*** Records ***

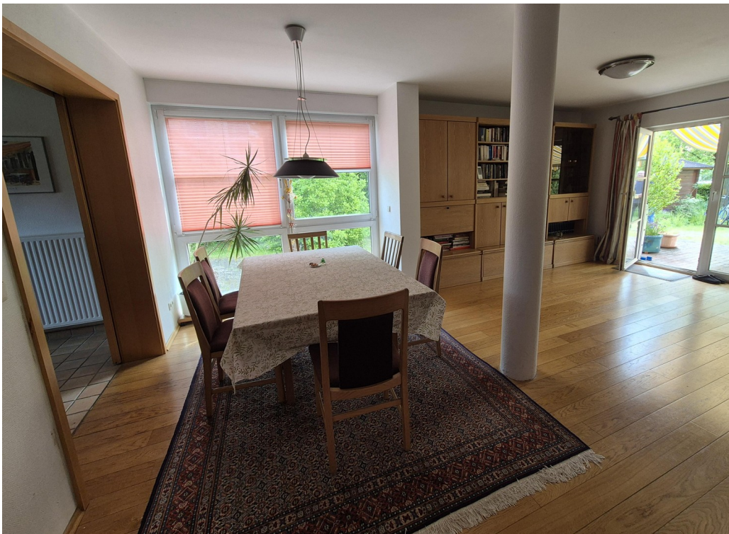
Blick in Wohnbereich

***
*** Records ***

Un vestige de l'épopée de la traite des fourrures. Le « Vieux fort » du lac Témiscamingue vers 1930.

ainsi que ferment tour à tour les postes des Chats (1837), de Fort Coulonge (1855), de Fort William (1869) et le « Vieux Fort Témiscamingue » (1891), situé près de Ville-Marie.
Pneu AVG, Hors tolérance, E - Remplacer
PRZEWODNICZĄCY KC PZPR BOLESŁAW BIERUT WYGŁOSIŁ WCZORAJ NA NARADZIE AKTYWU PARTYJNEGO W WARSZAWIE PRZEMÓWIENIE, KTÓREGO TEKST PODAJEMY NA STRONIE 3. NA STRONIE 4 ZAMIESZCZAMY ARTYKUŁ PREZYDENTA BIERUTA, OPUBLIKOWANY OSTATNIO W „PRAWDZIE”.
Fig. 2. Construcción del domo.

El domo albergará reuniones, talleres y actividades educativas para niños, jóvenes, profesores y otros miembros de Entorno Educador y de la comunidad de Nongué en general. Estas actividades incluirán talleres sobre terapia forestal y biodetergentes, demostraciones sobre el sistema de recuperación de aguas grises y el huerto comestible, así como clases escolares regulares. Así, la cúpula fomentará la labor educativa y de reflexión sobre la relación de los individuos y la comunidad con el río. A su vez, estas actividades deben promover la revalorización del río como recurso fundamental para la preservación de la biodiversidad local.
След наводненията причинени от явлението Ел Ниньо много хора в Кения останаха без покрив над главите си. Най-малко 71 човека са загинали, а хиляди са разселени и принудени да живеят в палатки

***

• **Problem to work on**
Find the line with "PRZEWODNICZĄCY KC PZPR" in the entries above. Retype it and each line after it, exactly, through the line with "След наводненията причинени", and stop there.

• **Expected output**
PRZEWODNICZĄCY KC PZPR BOLESŁAW BIERUT WYGŁOSIŁ WCZORAJ NA NARADZIE AKTYWU PARTYJNEGO W WARSZAWIE PRZEMÓWIENIE, KTÓREGO TEKST PODAJEMY NA STRONIE 3. NA STRONIE 4 ZAMIESZCZAMY ARTYKUŁ PREZYDENTA BIERUTA, OPUBLIKOWANY OSTATNIO W „PRAWDZIE”.
Fig. 2. Construcción del domo.

El domo albergará reuniones, talleres y actividades educativas para niños, jóvenes, profesores y otros miembros de Entorno Educador y de la comunidad de Nongué en general. Estas actividades incluirán talleres sobre terapia forestal y biodetergentes, demostraciones sobre el sistema de recuperación de aguas grises y el huerto comestible, así como clases escolares regulares. Así, la cúpula fomentará la labor educativa y de reflexión sobre la relación de los individuos y la comunidad con el río. A su vez, estas actividades deben promover la revalorización del río como recurso fundamental para la preservación de la biodiversidad local.
След наводненията причинени от явлението Ел Ниньо много хора в Кения останаха без покрив над главите си. Най-малко 71 човека са загинали, а хиляди са разселени и принудени да живеят в палатки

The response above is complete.